You have to trade this volatility , but volatility was bad for last 8 weeks .Then when trend breaks out , it moves 600 points , without a protective option it will end in disaster.I have seen 3,000 point trends on dax.
My problem with all of this is in post #73 you crow about making "$2,000 profit this week", which sounds wonderful. Then you say here you lost 160 ticks, points actually. Your average dumb shmuck will say, oh he's made 2,000, he's down 160. And he's doing other stuff, so it can't be all bad. Well sunshine, down 160 is down €4,000, which a simple Google conversion request says is $4,224. Plus 2k minus 4K is minus 2k, unless the nett is -160, in which case you've gone from +2k to -4K, a 6k swing. I didn't see you shouting that from the rooftops like you did the plus 2k. The impression you leave people is you are up 2k, having minor difficulties, but you are acting and sorting it out. Reality is you are up shit creek without a paddle.

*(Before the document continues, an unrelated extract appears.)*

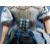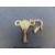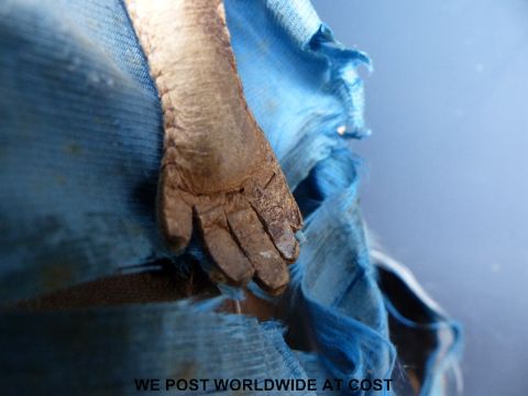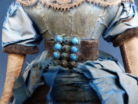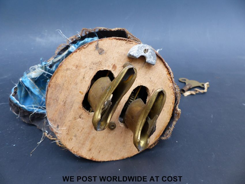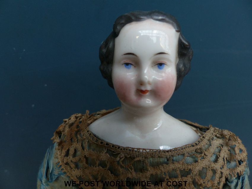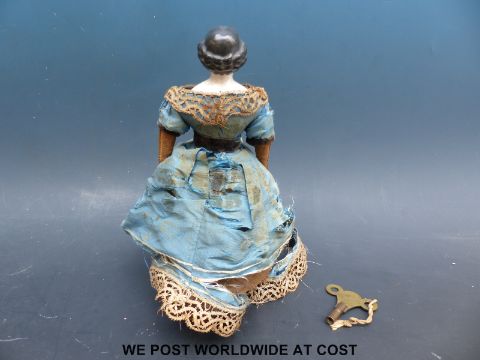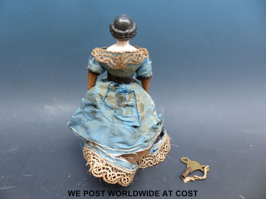 An American clockwork auto Peripatetikoss walking doll with porcelain head and shoulders, black painted hair, kid leather arms, padded body, dressed in silk dress with lace and turquoise decoration with interior mechanism, brass walking boots and original key

65 profit on cash and call - less 43= 22 ticks profit - 218 +57 +22= 141 loss at present due to trend breakout It has not been too bad overall ,over last few weeks , so just let me call it in points only , in future. I am referring to points , full points all the times.Not ticks. I always mean points when I say ticks. The EDGE of premium decay
Fine, call it purely in points. In trading, shit happens. To all of us. Just don't forget that when you have the wind in your sails.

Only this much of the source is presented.